**What you have to do**.
Go to the line holding "今次这本《摇滚编年史》就信息" in the data below and repeat it exactly, then each line after it up to and including the one holding "The left side". Omit pictures.

(Information provided)

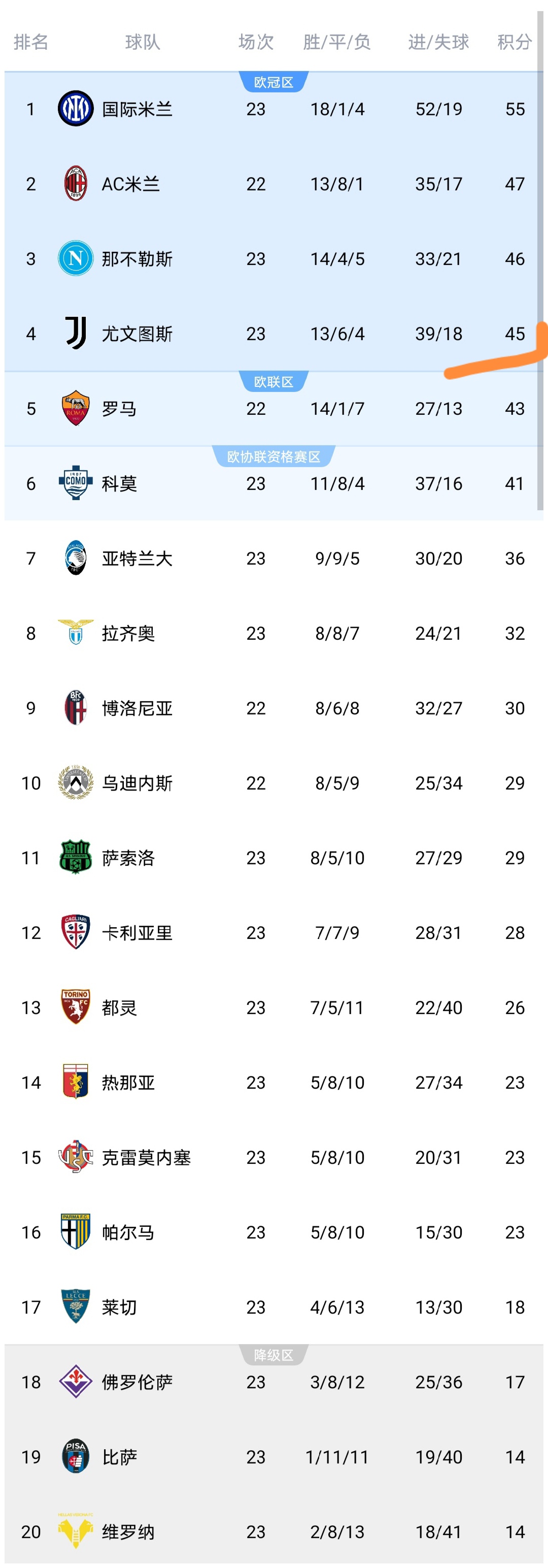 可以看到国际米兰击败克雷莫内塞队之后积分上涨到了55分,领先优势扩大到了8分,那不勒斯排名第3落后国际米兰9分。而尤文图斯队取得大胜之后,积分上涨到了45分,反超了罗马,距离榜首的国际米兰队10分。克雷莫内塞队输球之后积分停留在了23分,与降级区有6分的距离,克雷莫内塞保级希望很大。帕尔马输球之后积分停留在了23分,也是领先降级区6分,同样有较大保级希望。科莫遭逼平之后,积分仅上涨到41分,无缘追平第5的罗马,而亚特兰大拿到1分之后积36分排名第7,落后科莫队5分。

(End Information provided)
(Information provided)

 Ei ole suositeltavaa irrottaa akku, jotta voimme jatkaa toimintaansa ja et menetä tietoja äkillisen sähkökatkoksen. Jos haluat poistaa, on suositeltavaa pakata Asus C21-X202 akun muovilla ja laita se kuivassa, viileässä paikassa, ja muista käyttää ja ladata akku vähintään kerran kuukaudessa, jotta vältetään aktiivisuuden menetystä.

(End Information provided)
(Information provided)

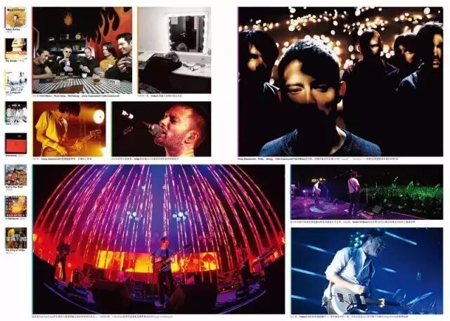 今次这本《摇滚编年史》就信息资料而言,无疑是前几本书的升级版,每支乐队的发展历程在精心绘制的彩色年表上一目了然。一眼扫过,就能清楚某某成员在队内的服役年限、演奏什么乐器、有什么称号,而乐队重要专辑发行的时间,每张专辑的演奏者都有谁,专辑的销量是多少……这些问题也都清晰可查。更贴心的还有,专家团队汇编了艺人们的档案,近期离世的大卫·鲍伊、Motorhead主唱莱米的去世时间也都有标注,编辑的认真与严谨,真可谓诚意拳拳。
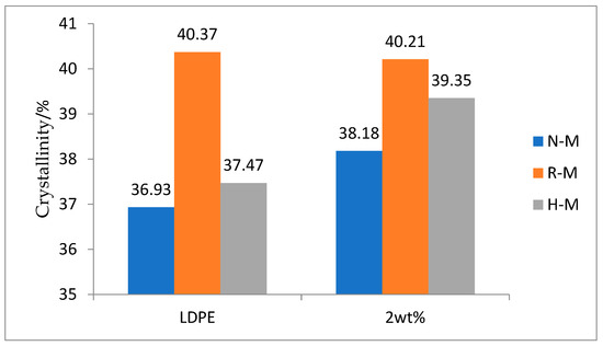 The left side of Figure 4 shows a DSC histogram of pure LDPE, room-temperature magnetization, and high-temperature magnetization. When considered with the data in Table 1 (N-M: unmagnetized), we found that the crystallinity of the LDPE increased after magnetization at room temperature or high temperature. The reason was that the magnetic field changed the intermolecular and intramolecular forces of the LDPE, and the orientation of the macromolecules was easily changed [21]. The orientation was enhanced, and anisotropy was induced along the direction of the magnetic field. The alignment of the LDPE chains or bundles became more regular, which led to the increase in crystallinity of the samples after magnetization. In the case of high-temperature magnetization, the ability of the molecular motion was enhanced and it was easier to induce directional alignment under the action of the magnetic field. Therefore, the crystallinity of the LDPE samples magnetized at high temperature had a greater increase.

(End Information provided)

**Reply to the exercise**.
 今次这本《摇滚编年史》就信息资料而言,无疑是前几本书的升级版,每支乐队的发展历程在精心绘制的彩色年表上一目了然。一眼扫过,就能清楚某某成员在队内的服役年限、演奏什么乐器、有什么称号,而乐队重要专辑发行的时间,每张专辑的演奏者都有谁,专辑的销量是多少……这些问题也都清晰可查。更贴心的还有,专家团队汇编了艺人们的档案,近期离世的大卫·鲍伊、Motorhead主唱莱米的去世时间也都有标注,编辑的认真与严谨,真可谓诚意拳拳。
 The left side of Figure 4 shows a DSC histogram of pure LDPE, room-temperature magnetization, and high-temperature magnetization. When considered with the data in Table 1 (N-M: unmagnetized), we found that the crystallinity of the LDPE increased after magnetization at room temperature or high temperature. The reason was that the magnetic field changed the intermolecular and intramolecular forces of the LDPE, and the orientation of the macromolecules was easily changed [21]. The orientation was enhanced, and anisotropy was induced along the direction of the magnetic field. The alignment of the LDPE chains or bundles became more regular, which led to the increase in crystallinity of the samples after magnetization. In the case of high-temperature magnetization, the ability of the molecular motion was enhanced and it was easier to induce directional alignment under the action of the magnetic field. Therefore, the crystallinity of the LDPE samples magnetized at high temperature had a greater increase.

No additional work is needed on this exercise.